Most of the afternoon was spent tracking down Hartlaub’s Spurfowl by climbing the side of several huge rock outcrops. We were awarded by a close encounter of male and female no more than 4 metres away calling as a duet. Does the male call when he has no female as they call together??? Perhaps he only begins to call when they pair up. Who knows??? Finally, Speckled Pigeon and House Sparrow visit the restaurant. 2 new species.

Day 13 Windhoek

Allen's Gallinule!!!!!

We left after breakfast for the 3 hour journey to Windhoek. On our list of sites were Daan Viljoen Game Park, Gamman’s Water Care Plant and Avis Dam. We went for the wrong entrance to the Game Park and finished up at an uncrossable river. Nearby was Gorengab Water Care Plant, not on our list, so we asked for permission to look around. Not bad there with Cape Wagtail, Cape Vulture, Red-Bishop, Great Reed Warbler at the HIT of the trip, Allen’s Gallinule in triplicate – Mum, Dad and infant. Fortunately a photo and the bird was declared genuine and posted onto SA Rare Bird Sightings Website. These birds were some 600km from the Caprivi which is their nearest habitat. Gamman’s Water Care Plant, where we were going to, offered up Horus Swift, Common Waxbill and White-backed Mousebird.
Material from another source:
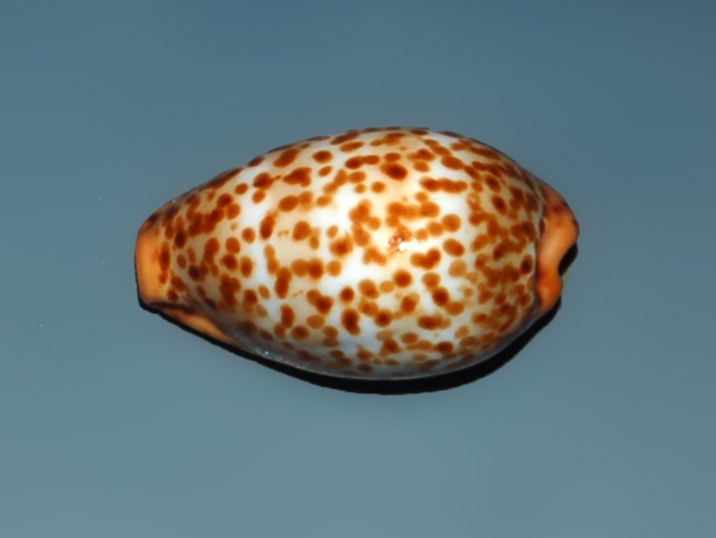 Palmadusta humphreyii - Solomon Islands

Daan Viljoen Game Park is home to Orange River Francolin which we found shortly after arriving and taking the one-way detour. Scarlet Chested Sunbird, Darter, Little Bittern, White-throated Swallow and White-breasted Cormorant were also there. Avis Dam offered only a Juvenile Pin-tailed Whydah, Feral Pigeon and Little Egret.

17 new species though and 1 lifer for me.

So our 14 days come to an end with 252 species, 33 lifers for me and 13 for Malcolm, who was ecstatic as he doesn’t pick up many lifers these days unless he birds out of his area of KZN.

This was certainly the right time to go and the rains in the North made a huge difference. Erongo will offer you 10 lifers in one small area.